[Coco] Just a thought‏

Francis Swygert farna at att.net
Wed May 13 07:18:14 EDT 2015


Date: Tue, 12 May 2015 20:15:51 +0000
From: James Ross <jrosslist at outlook.com>

> What would a Coco look like today?
> If you walk into a computer store and the latest “2015 Tandy Color Computer” was on display.

Along the lines of those who also answered this in the spirit of the question, as opposed to what a "CoCo 4" would be if it were built today, what would it be if Motorola/Radio Shack (Tandy) had made different decisions? Here's my two bits...

Instead of Motorola dumping the 6809 Machine Language and Registers model w/ the 68000 they would have in essence done what Intel did w/ the 8086 - made the 80186/286/386/486/Pentium etc... and until this day even a x86-64 8 core CPU w/ 8 meg on chip cache can run original 8086 native machine code directly by entering a "legacy mode". So there would have been a 68109 (the follow-on to the 6809, then a 68209/309/409/509 etc... each one adding more registers and modes but maintaining complete backward software compatibility.  I remember feeling cheated when I first read in Byte Magazine how the 68000 assembly language and registers were completely different than the 6809 - why the 68xxx moniker then?  

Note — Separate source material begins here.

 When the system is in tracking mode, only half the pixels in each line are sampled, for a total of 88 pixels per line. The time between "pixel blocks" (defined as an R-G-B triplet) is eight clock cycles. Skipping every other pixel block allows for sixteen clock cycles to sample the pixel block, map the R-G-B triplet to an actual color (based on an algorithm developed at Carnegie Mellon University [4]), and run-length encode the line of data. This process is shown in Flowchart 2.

That software backward compatibility - that was the true success of the Intel x86 line. That was where Motorola screwed up. Were there not a lot of S-100 boards out there at the time? 

But Radio Shack also screwed up. If not already in the original CoCo 1, at least the CoCo 2 and CoCo 3 should have had better graphics chips in them - to make them more attractive as game machines to developer and users. Some of my favorite and most popular arcade games of all time (i.e. Defender and others) were running on 6809 chips around that same time period - imagine a computer that could run games of that caliber at home in the day? 

They could have also marketed a "business" computer w/ a 6809 in it w/ a monochrome monitor (I guess the problem there would have been software availability. But all they needed was a decent Word Processor and a Spreadsheet (+ a dBase clone would seal the deal) and BAM! - an affordable business computer - IMHO it would have sold like hot-cakes.   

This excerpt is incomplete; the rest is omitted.